- **What you will do**:
After locating the line that contains "คลิกที่ Active ที่ธีมที่ต้องการเปลี่ยน" in the records below, write out exactly that line and each line after it through the one that contains "Полупроводниковые элементы высоковольтных", and nothing else.

- **Records shown**:
▬▬▬▬▬▬
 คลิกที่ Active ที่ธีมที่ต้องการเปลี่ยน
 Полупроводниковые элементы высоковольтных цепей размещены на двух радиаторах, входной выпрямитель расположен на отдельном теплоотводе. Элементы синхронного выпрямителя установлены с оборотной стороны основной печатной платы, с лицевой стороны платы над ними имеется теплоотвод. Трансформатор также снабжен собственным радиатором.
▬▬▬▬▬▬
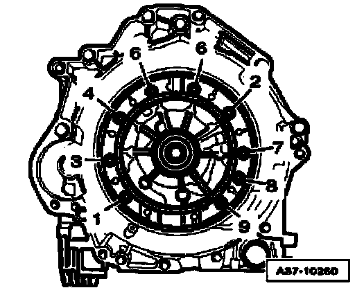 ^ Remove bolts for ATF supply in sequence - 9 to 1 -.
▬▬▬▬▬▬
- **Exercise answer**:
 คลิกที่ Active ที่ธีมที่ต้องการเปลี่ยน
 Полупроводниковые элементы высоковольтных цепей размещены на двух радиаторах, входной выпрямитель расположен на отдельном теплоотводе. Элементы синхронного выпрямителя установлены с оборотной стороны основной печатной платы, с лицевой стороны платы над ними имеется теплоотвод. Трансформатор также снабжен собственным радиатором.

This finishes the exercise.